▸ Problem statement: Each record that follows goes into your reply unchanged; the pictures do not.

▸ Given records:
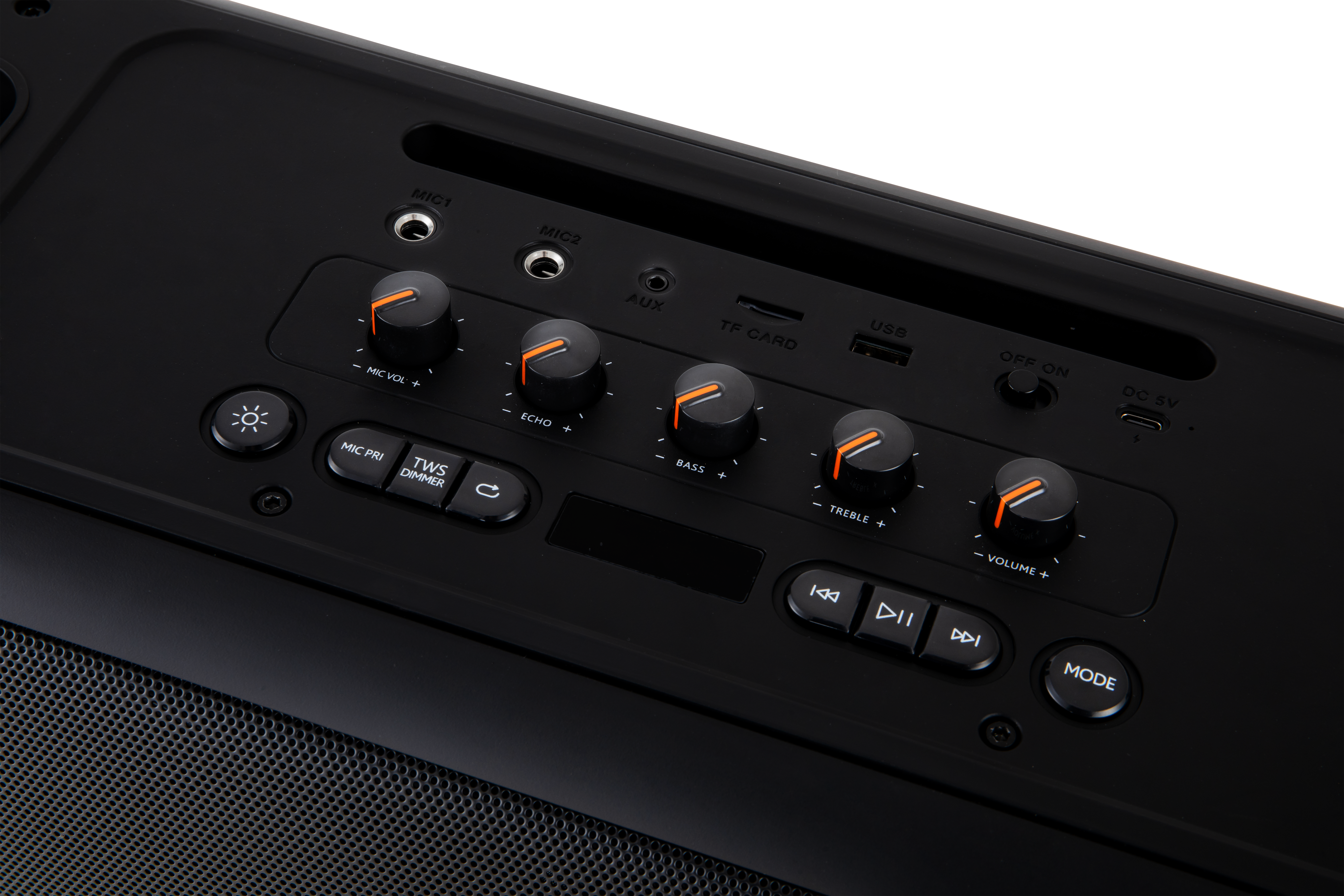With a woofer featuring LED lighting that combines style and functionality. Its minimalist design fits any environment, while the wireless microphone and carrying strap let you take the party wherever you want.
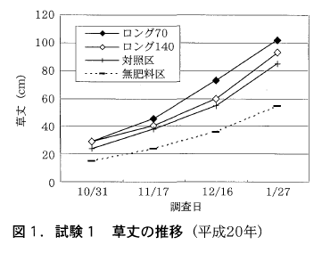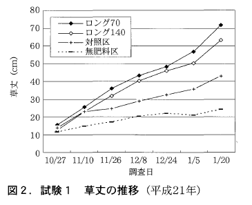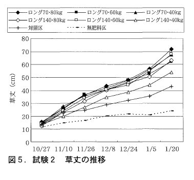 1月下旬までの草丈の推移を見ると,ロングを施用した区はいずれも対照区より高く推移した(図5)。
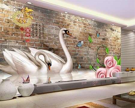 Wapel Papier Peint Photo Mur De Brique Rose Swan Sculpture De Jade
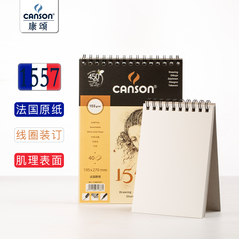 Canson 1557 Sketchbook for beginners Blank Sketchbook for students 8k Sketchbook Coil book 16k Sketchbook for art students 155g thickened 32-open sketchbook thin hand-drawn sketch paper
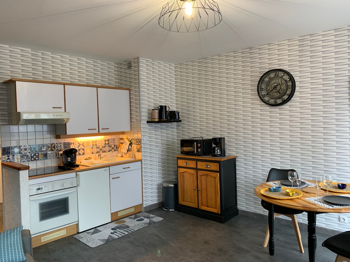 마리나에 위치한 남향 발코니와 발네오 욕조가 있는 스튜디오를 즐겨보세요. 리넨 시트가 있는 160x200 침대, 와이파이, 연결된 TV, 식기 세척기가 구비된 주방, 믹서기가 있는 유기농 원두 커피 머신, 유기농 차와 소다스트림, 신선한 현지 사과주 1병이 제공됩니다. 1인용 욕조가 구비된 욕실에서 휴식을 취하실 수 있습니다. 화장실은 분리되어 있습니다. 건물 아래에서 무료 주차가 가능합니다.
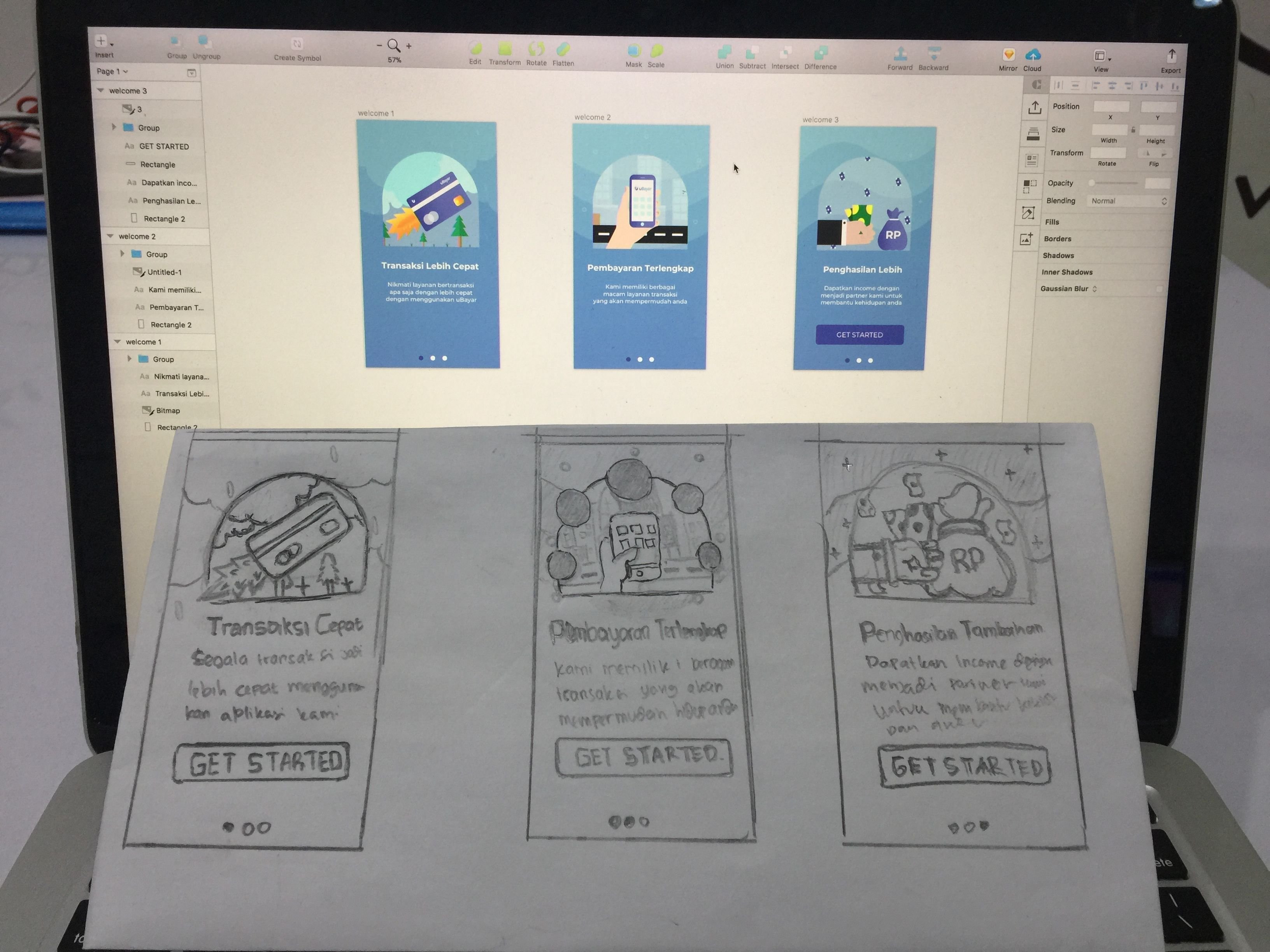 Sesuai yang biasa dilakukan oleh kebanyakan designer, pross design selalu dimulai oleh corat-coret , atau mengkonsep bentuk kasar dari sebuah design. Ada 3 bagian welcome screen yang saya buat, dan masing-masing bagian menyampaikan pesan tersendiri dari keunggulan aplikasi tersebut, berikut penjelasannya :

▸ Task response:
With a woofer featuring LED lighting that combines style and functionality. Its minimalist design fits any environment, while the wireless microphone and carrying strap let you take the party wherever you want.
 1月下旬までの草丈の推移を見ると,ロングを施用した区はいずれも対照区より高く推移した(図5)。
 Wapel Papier Peint Photo Mur De Brique Rose Swan Sculpture De Jade
 Canson 1557 Sketchbook for beginners Blank Sketchbook for students 8k Sketchbook Coil book 16k Sketchbook for art students 155g thickened 32-open sketchbook thin hand-drawn sketch paper
 마리나에 위치한 남향 발코니와 발네오 욕조가 있는 스튜디오를 즐겨보세요. 리넨 시트가 있는 160x200 침대, 와이파이, 연결된 TV, 식기 세척기가 구비된 주방, 믹서기가 있는 유기농 원두 커피 머신, 유기농 차와 소다스트림, 신선한 현지 사과주 1병이 제공됩니다. 1인용 욕조가 구비된 욕실에서 휴식을 취하실 수 있습니다. 화장실은 분리되어 있습니다. 건물 아래에서 무료 주차가 가능합니다.
 Sesuai yang biasa dilakukan oleh kebanyakan designer, pross design selalu dimulai oleh corat-coret , atau mengkonsep bentuk kasar dari sebuah design. Ada 3 bagian welcome screen yang saya buat, dan masing-masing bagian menyampaikan pesan tersendiri dari keunggulan aplikasi tersebut, berikut penjelasannya :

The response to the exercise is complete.